A must for any serious VSAN user.
Operational improvements
Lots and lots of little things now make day-to-day life with VSAN easier.
The UI now does a better job of showing you the complete capacity picture at one go. There’s a nifty screen that helps you map logical devices to physical servers. You can blink drive LEDs to find the one you’re interested in. Individual capacity drives or disk groups can be evacuated for maintenance or reconfiguration. There’s a new proactive rebalancing feature.
A default storage policy is now standard, which of course can be edited to your preferences. There’s a new screen that shows resynchronization progress of rebuilding objects.
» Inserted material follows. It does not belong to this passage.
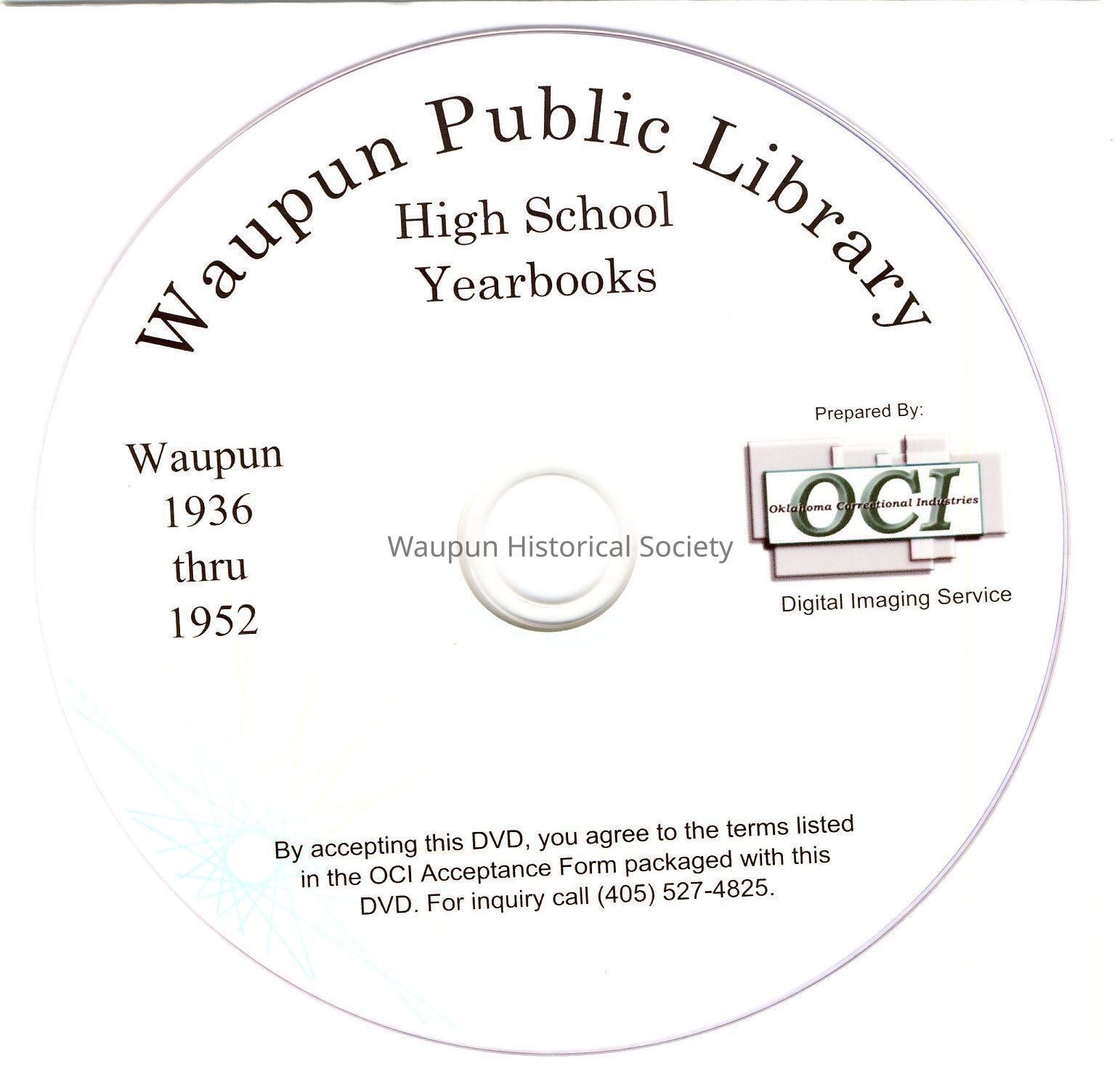 Digital Video Disc of the Waupun High School Yearbooks, 1936 thru 1952 made by Pam Garcia at the Waupun Public Library and donated to the Waupun Historical Museum.Acquisition

There’s a new “what if” feature that helps you decide the impact of a new storage policy ahead of time.
For larger environments, vRealize Automation and vRealize Operations integration has been substantially improved — VSAN is now pre-configured to raise selected status alarms (VOBs) to these tools if present.
And much more.
Behind the scenes
There’s been a whole raft of behind-the-scenes improvements that aren’t directly visible, but are still important.
VSAN is now even more resource-efficient (memory, CPU, disk overhead) than before, allowing higher consolidation ratios, among other things. VSAN’s resource efficiency is a big factor for anyone looking at software-delivered storage solutions as part of their virtualized environment, helping folks achieve even higher consolidation ratios.
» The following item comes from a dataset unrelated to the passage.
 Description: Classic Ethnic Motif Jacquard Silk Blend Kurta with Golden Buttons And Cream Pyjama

The rebuild prioritization could be a bit aggressive in VSAN 5.5; it now plays much more nicely with other performance-intensive applications. Per-node component counts have been bumped up from 3000 to 9000, and there’s a new quorum voting algorithm that uses far fewer witnesses than before. As a result, there’s much less need to keep an eye on component usage.
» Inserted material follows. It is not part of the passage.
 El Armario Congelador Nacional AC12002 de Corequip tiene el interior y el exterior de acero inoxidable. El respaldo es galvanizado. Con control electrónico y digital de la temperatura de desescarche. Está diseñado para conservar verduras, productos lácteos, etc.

VSAN 6.0 requires a minimum of vCenter 6.0 and ESXi 6.0 on all hosts. As mentioned before, you can defer the file system format conversion until later, but no mix and matching other than that.
New ReadyNodes
If you’d like to shortcut the build-your-own experience, that’s what VSAN ReadyNodes are for. Many new ones will be announced shortly, some with support for hardware checksums and/or encryption.
ReadyNodes can either be ordered directly from the vendor using a single SKU, or use them as a handy reference in creating your own configurations.
Or skip all the fun, and go directly to EVO:RAIL
See something missing?
Inevitably, people will find a favorite feature or two that's not in this release. I have my own list. But don't be discouraged ...
I can't disclose futures, but what I can point to is the pace of the roadmap. VSAN 5.5 has been out for less than a year, and now we have a significant functionality upgrade in 6.0. Just goes to show how quickly VMware can get new VSAN features into customers' hands.
The Customer Experience
By the end of 2014, there were well over 1000 paying VSAN 5.5 customers. Wow. Better yet, they were a broad cross-sample of the IT universe: different sizes, different industries, different use cases and different geographies.
For the most part, we succeeded in exceeding their expectations: radically simple, cost-effective, blazing performance, reliable and resilient, etc.
One area we took some heat on with VSAN 5.5 was being a bit too conservative on the proposed initial use cases: test and dev, VDI, etc.
Customers wondered why we were holding back, since they were having such great experiences in their environment.
OK, call us cautious :)
With VSAN 6.0, there are almost no caveats: bring on your favorite business-critical workloads with no reservations.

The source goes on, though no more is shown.